La mundanidad

No hay día que pase sin llevarme las manos, al menos una, a la cabeza. No tanto en gesto de desesperación como de hartazgo por la incomprensible generalización de la ausencia de discernimiento que, a toque de trompeta mediática -incluso alternativa- se ha apoderado de tantos cristianos. Parece que han llegado a la convicción de que ser cristiano consiste en engancharse en cualquier banderín antieclesial que aparezca en los medios. Y digo convicción, no porque suponga que hay una reflexión orante previa que dé consistencia a la postura, sino todo lo contrario. Las convicciones hoy se han vuelto así de relativas e inconsistentes. Y además vienen con obsolescencia programada.

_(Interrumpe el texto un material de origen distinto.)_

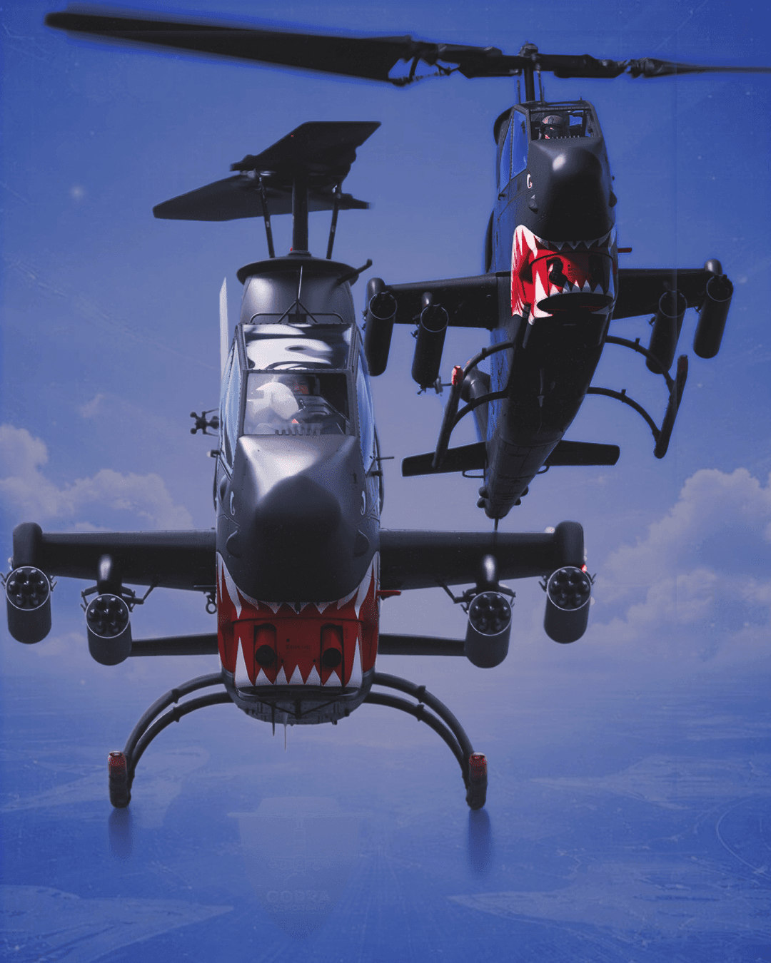 With its slender fuselage and distinctive rotor profile, the Cobra delivers a dramatic and unforgettable display.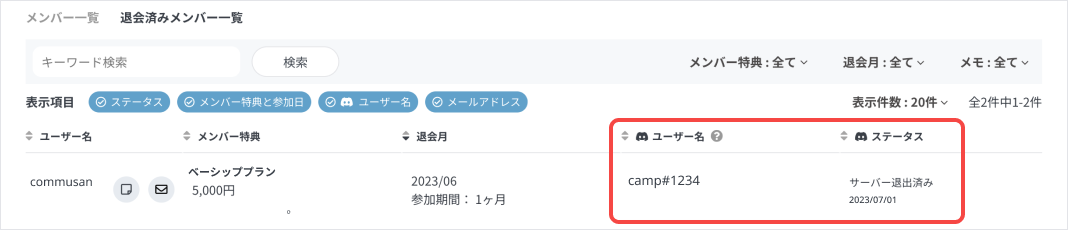 ※退会メンバーのDiscordユーザー名は退会月のみ表示され、期間が過ぎると自動的に非表示になります。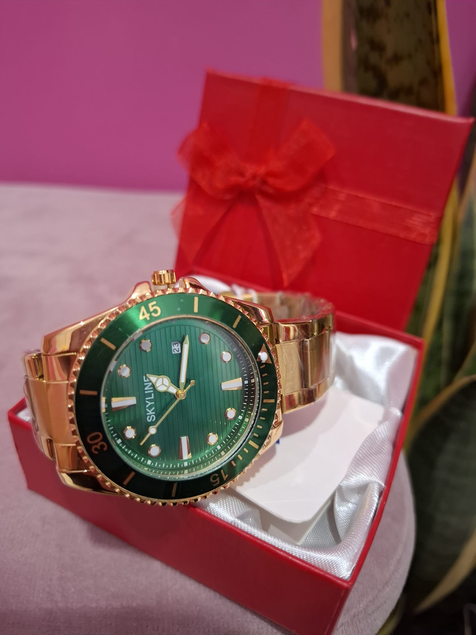 Reloj de hombre sumergible con un diseño en color dorado que irradia elegancia, complementado por una caratula verde esmeralda que añade un toque distintivo y sofisticado. Resistente al agua, este accesorio combina estilo y funcionalidad, ideal para hombres modernos que buscan destacar en cualquier ocasion.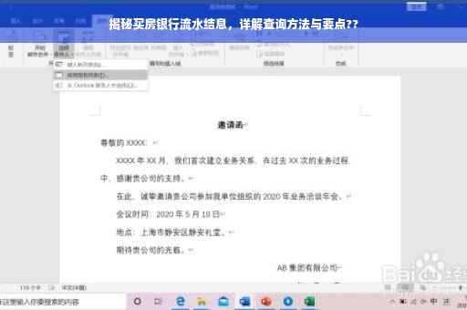揭秘买房过程中的银行流水结息细节,一篇文章全面解读。文章详细介绍了如何查询银行流水结息,包括步骤、注意事项等。让读者了解银行流水结息的重要性及其在购房过程中的作用,同时提醒大家在查询过程中保持警惕,避免陷入不必要的麻烦。助你轻松应对买房过程中的银行流水问题。摘要字数控制在约150字左右。
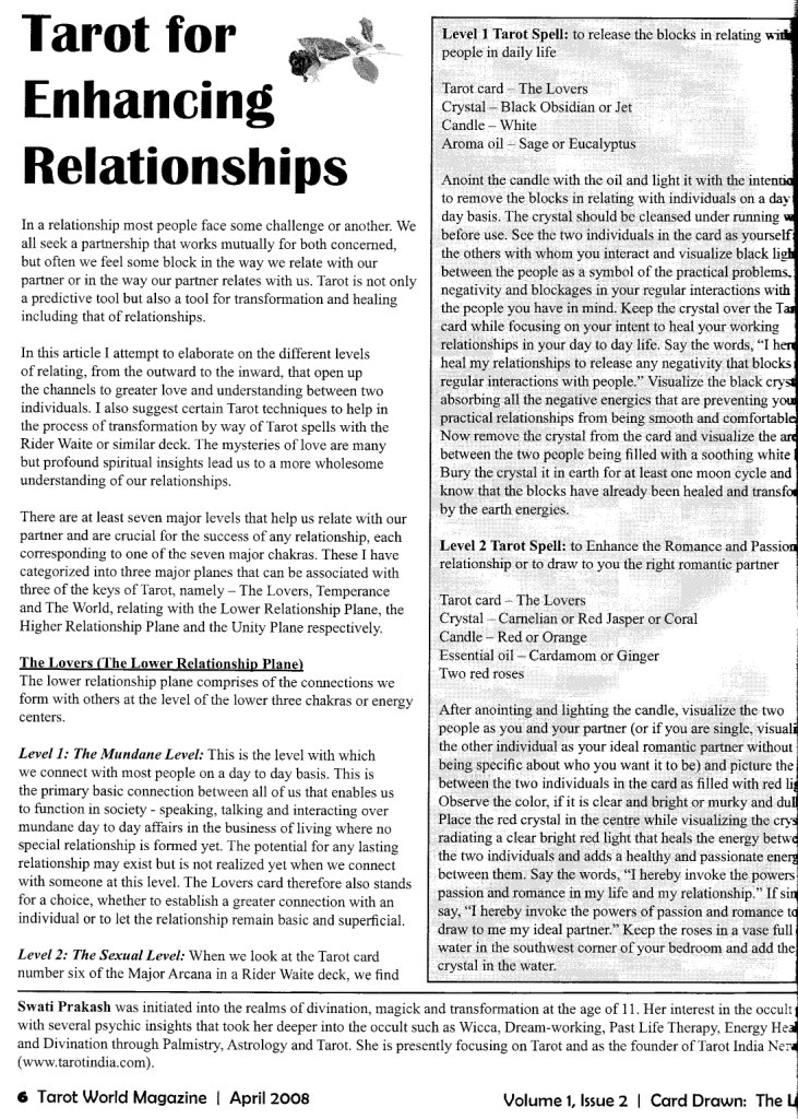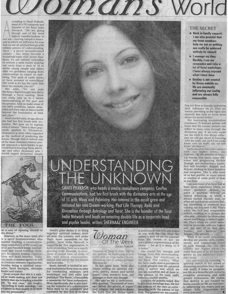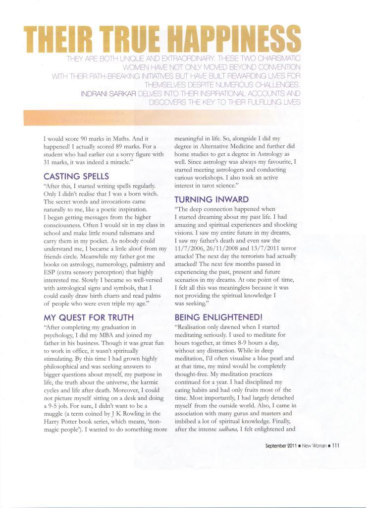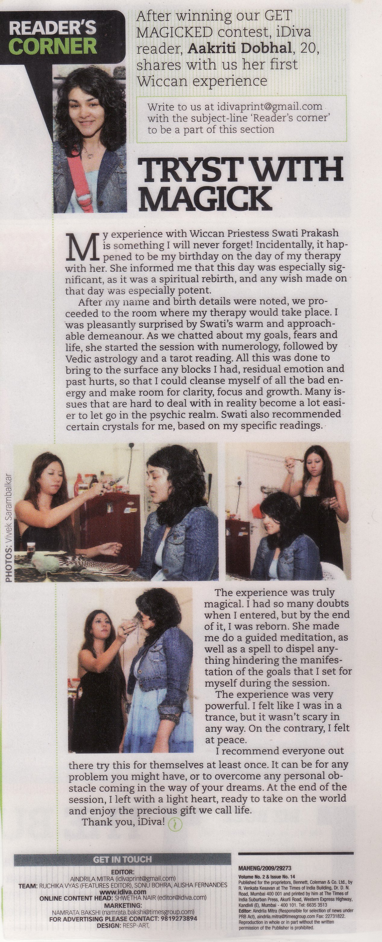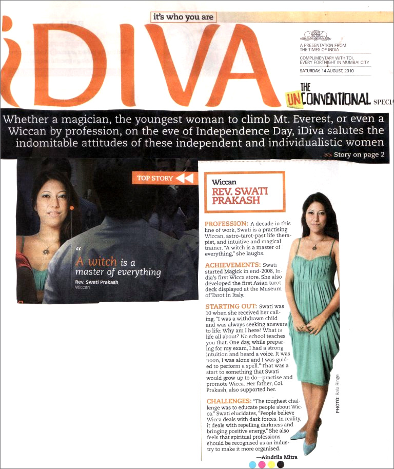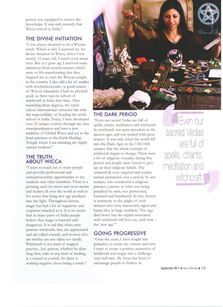 New Woman magazine interview of Swati Prakash, Tarot, Wicca

De algunos que conozco, con abono de primera fila en cada red social, o en cada manifestación, -porque hay que dejarse ver- podría decir que dejaron de participar en la Eucaristía en su primera comunión, pese a lo cual se arrogan el status creyente, fabricándose un dios a su medida. Y podría contar como su vida está asegurada a resguardo de cualquier compartir que la humanice y desposea. Cuando van a la 'mani', dejan la vida en casa bajo llave, para que no se la estropeen. Ayer escribía que no hay experiencia cristiana posible sin Eucaristía, y no hay Eucaristía sin Iglesia, y no hay Iglesia si no es en continuo peregrinar a la intemperie, de la institución, y de cada uno de los que la formamos. A estos hermanos se les ha olvidado hace tiempo, desde que dejaron de ponerse a tiro de Dios y se pusieron al propio.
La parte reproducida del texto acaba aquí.